Cenas mais engraçadas, pôsteres e as cidades no cinema: mais listas! The show must go on!

Já falei lá embaixo que neste semestre passei a escrever também para o site Zona Crítica, e toda semana a gente para tudo o que está fazendo – larga a louça, deixa o ponto do ônibus passar ou fala para o texto da graduação esperar – e faz duas indicações de filmes para a lista da semana. Abaixo você pode conferir as minhas indicações mas também pode clicar em cada título para ver a lista completa. Tem de tudo, tá lindo demais!

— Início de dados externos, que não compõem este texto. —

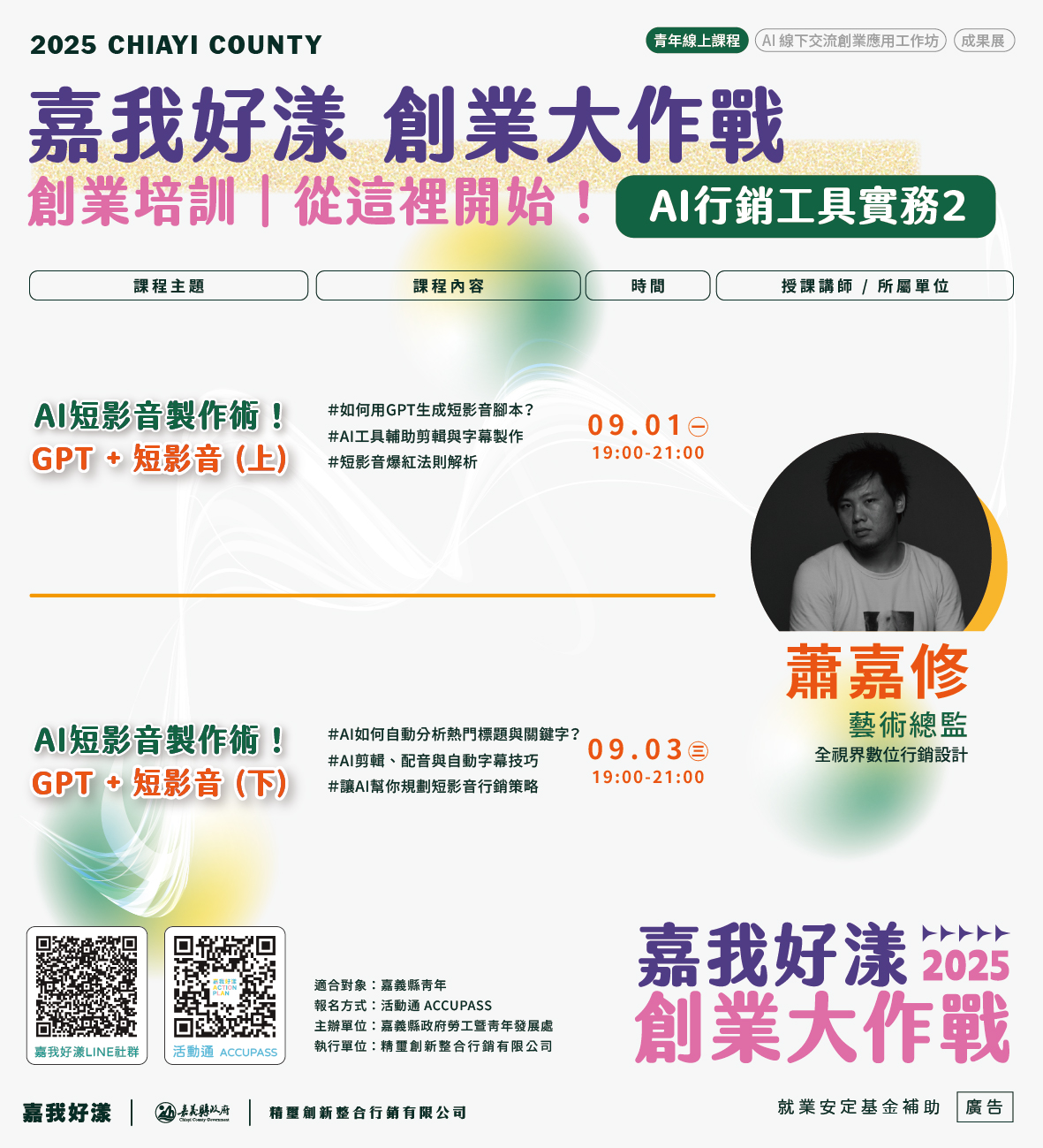 9/3(三)19:00-21:00 AI短影音製作術!GPT + 短影音 (下)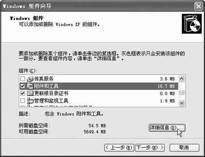 同样先进行“添加/删除程序”,并在窗口右栏中选择“添加/删除Windows组件(A)”选项,稍等一会儿后便可打开“Windows组件向导”窗,拖动组件选项右侧的滚动条选择“附件和工具”项,并单击选项下端的“详细信息”钮(如图7),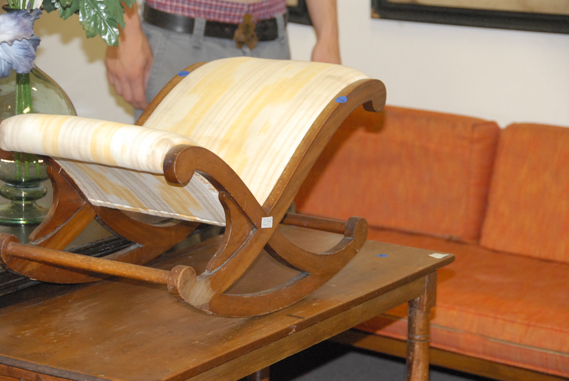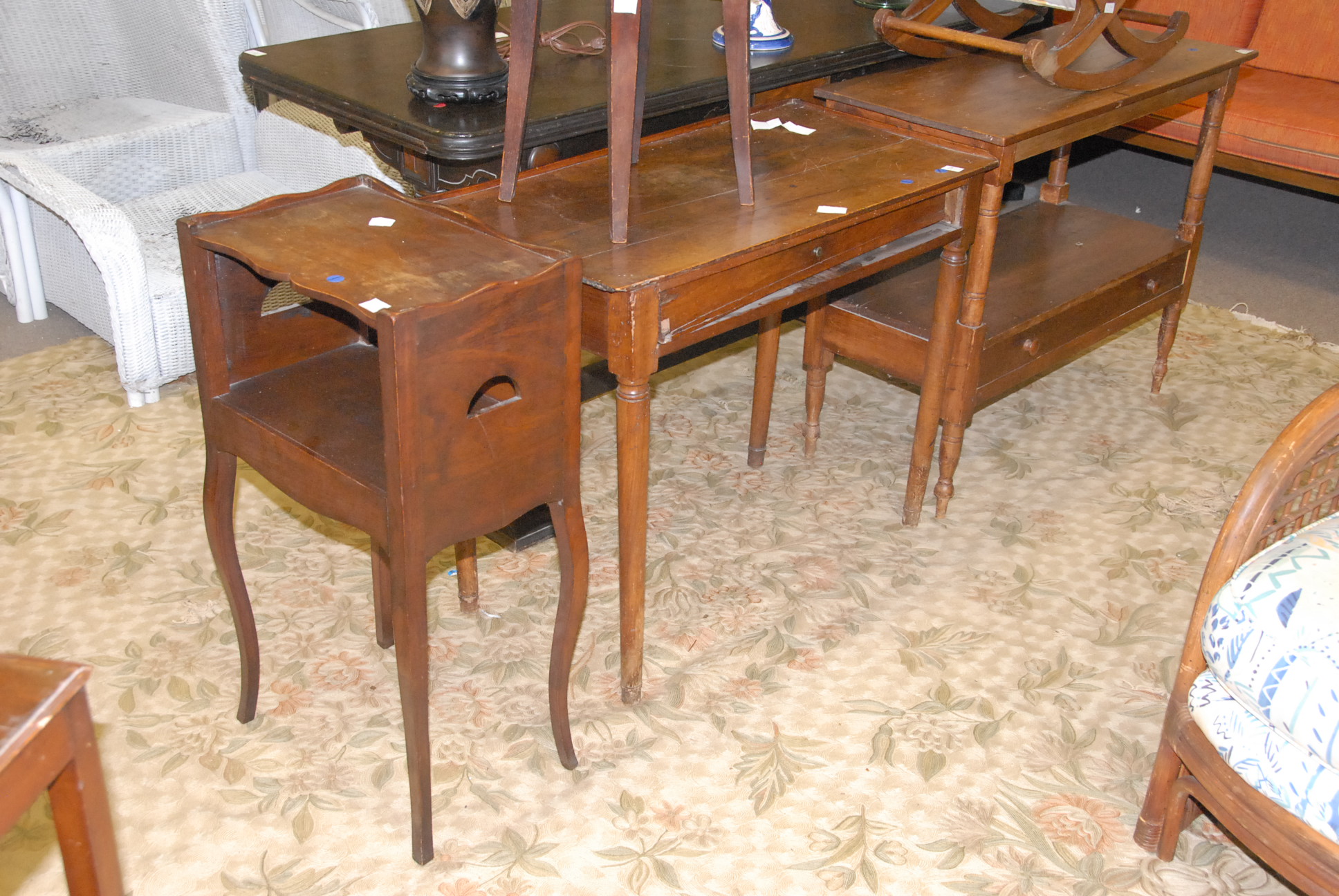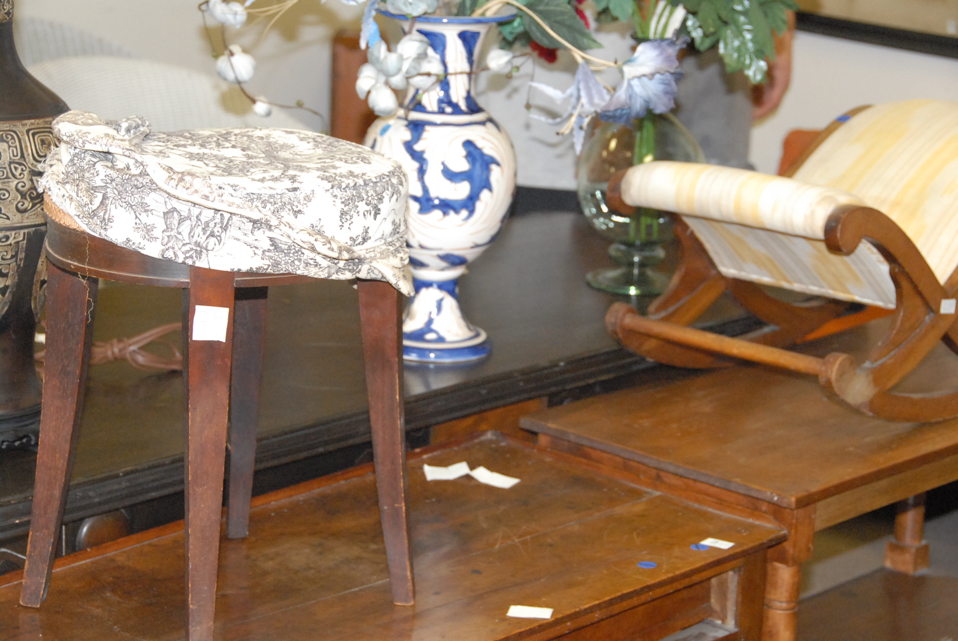 Five piece lot to include a bench , foot rest, French style table, and two tables.
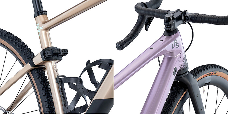 Die «Urs Two»-Serie ist um etwas einfachere Rahmen und Gabeln aus Carbon aufgebaut, bietet aber wie die exklusiveren Geschwister auch ein Staufach im Unterrohr und zahlreiche Gewinde und Ösen zur Montage von Taschen und anderem Zubehör – und ein rundes Sitzrohr.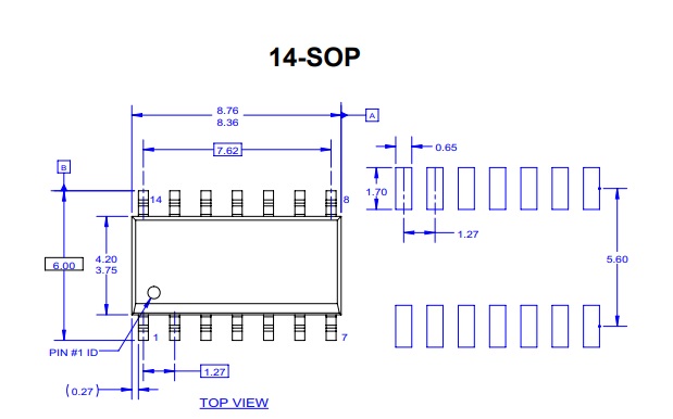 Кто его знает... На некоторых чертежах размах ножек у корпуса SOP-14 не 6,00 мм, а 6,4±0,4 мм. Например, по ссылке: https://www.chipdip.ru/info/soic-packag ... d-circuits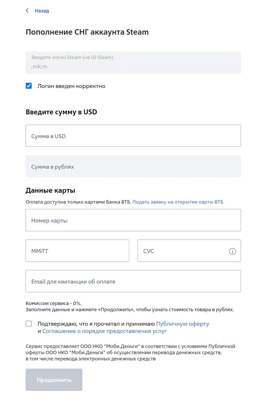 Еще один банк, который позволяет пополнить баланс Steam, — это ВТБ. Для использования этой услуги необходимо быть клиентом банка. В браузере нужно ввести запрос «пополнение кошелька Steam через ВТБ», найти соответствующую иконку Steam, указать логин и сумму в долларах, а затем ввести реквизиты карты. После оплаты средства поступят на ваш аккаунт в долларах и автоматически конвертируются в рубли. Однако стоит учитывать, что комиссия за операцию составит от 10% до 15%, что может быть ощутимо для крупных сумм.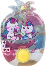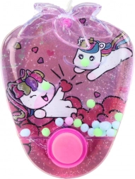 Dieses Wasser-Spiel mit dem Motiv der zauberhaften Einhörner ist ein klassisches Spielzeug, das seit vielen Jahren Kindern unterschiedlichen Alters Freude bringt. Dank der kompakten Maße und des einfachen Mechanismus ideal für Reisen, die Schule oder Spaziergänge. Das Spiel besteht darin, einen Knopf zu drücken, der bunte Ringe oder Kugeln in einem durchsichtigen Behälter voller Flüssigkeit in Bewegung setzt. Ziel ist es, diese Elemente auf Stifte oder bestimmte Stellen zu platzieren.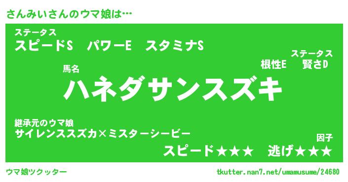| 欧米人風あだ名 | 『マイケルさんみい』『ウサインさんみい』 |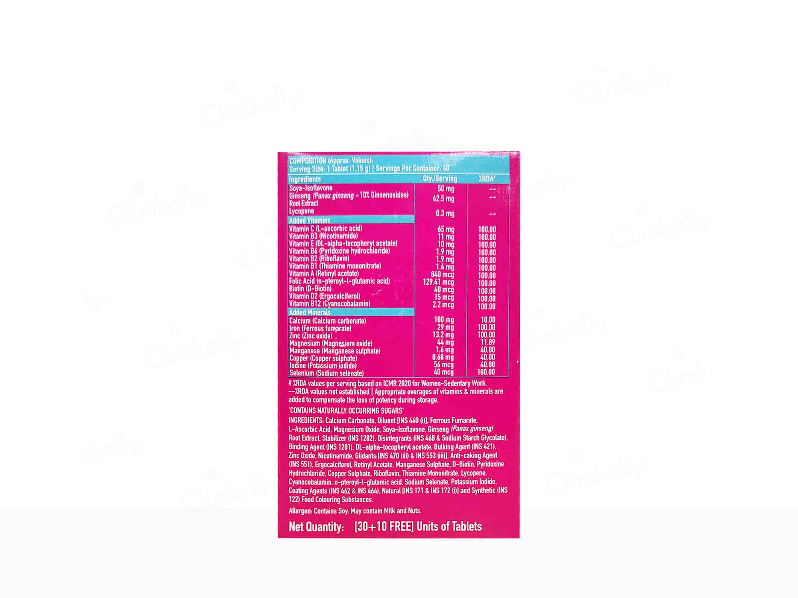 HK Vitals Multivitamin With Soya-Isoflavones, Lycopene & Ginseng Extract Tablet For Women

Célebres cartazes de cinema

Cisne Negro: Na época de divulgação de Cisne Negro, o que me despertou interesse pelo filme foram justamente as várias versões de pôsteres. Os minimalistas em preto e vermelho, o rosto de Natalie Portman rachado (colocando em questão a personalidade frágil da personagem), e finalmente o pôster que revela a caracterização de Portman como o Cisne Negro. O pôster funciona porque expõe a grande mudança pela qual a personagem passa ao alcançar a perfeição da criatura. Os olhos vermelhos ganham destaque na maquiagem que recria as asas negras, o rosto meio cadavérico não hesita e encara o observador. Num misto de mistério e sensualidade desconcertante, a personagem no pôster causa o estranhamento despertado ao longo do filme. É aí que o pôster já mostra como a transformação de Portman para o papel dá vida ao enredo.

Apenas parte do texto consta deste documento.